You are viewing a plain text version of this content. The canonical link for it is here.
Posted to user@flink.apache.org by Yoni Gibbs <yo...@hotmail.com> on 2023/01/04 12:40:06 UTC

Async IO & Retry: how to get error details

I'm following the documentation here<https://nightlies.apache.org/flink/flink-docs-master/docs/dev/datastream/operators/asyncio/#async-io-api>, getting async IO to retry on failure. What I want is for the async action to be attempted, say, three times, and then give up and continue processing further records.

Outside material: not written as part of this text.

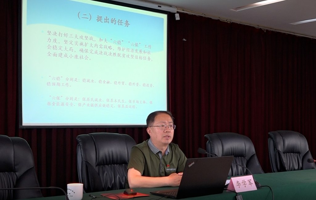 黨課以“凝心聚力共謀發(fā)展,團結(jié)一致共克時艱”為主題,圍繞“認清異常嚴峻的形勢”“以發(fā)展是第一要務(wù)的理念化危為機”“以抱團取暖的心態(tài)共克時艱”三方面展開。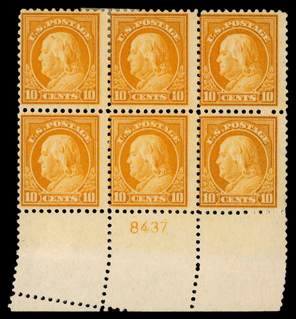 5578 ogbl 510 var. image1917, 10¢ orange yellow, perf. 11, pre-perforating fold-over (Scott 510 var.), bottom margin block of 6 with plate number, fold-over created "crazy perfs"; plate number 8437; bright color on clean paper, o.g., hinge remnant (natural gum creases), Fine to Very Fine. (Image) Suggested Bid $105

If it fails after three times, I want to sink the record to a DLQ. I believe the way I should do that is by overriding timeout​, and in there outputting the record to a side output, which I then sink to a DLQ of some sort. (Correct me if I'm wrong and there's a better way of doing this.)

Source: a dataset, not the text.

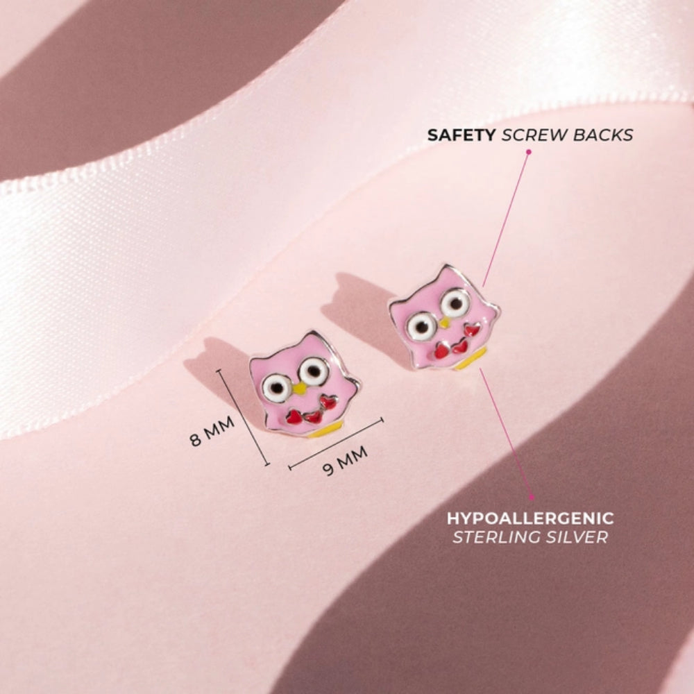 You'll love the compliments each time your little princess wears these whimsical owl enameled sterling silver earrings. A colorful and fun addition to their jewelry collection! These earrings are made of 925 sterling silver, making them naturally hypoallergenic and safe for sensitive ears. They feature threaded posts and a safety back system to ensure your child's earrings stay comfortably in place. A complimentary Window Box is included for easy gift giving!

The record in the DLQ should contain error information about what went wrong (e.g. the exceptions that occurred on the three failed attempts). How can I get access to this in the timeout​ function?

Thanks!

Re: Async IO & Retry: how to get error details

Posted by Chesnay Schepler <ch...@apache.org>.
Retry logic and per-request timeouts should be setup within 
asyncInvoke() (with all error-handling being done via plain 
CompletableFuture logic), with timeout() sort of acting as a global 
timeout after which you want the job to fail (e.g., to guard against 
mistakes in the asyncInvoke() logic).

The reason you shouldn't use timeout() for retries is that it is only 
ever called once for an input element.

On 04/01/2023 13:40, Yoni Gibbs wrote:
> I'm following the documentation here 
> <https://nightlies.apache.org/flink/flink-docs-master/docs/dev/datastream/operators/asyncio/#async-io-api>, 
> getting async IO to retry on failure. What I want is for the async 
> action to be attempted, say, three times, and then give up and 
> continue processing further records. If it fails after three times, I 
> want to sink the record to a DLQ. I believe the way I should do that 
> is by overriding |timeout|​, and in there outputting the record to a 
> side output, which I then sink to a DLQ of some sort. (Correct me if 
> I'm wrong and there's a better way of doing this.)
>
> The record in the DLQ should contain error information about what went 
> wrong (e.g. the exceptions that occurred on the three failed 
> attempts). How can I get access to this in the |timeout|​ function?
>
> Thanks!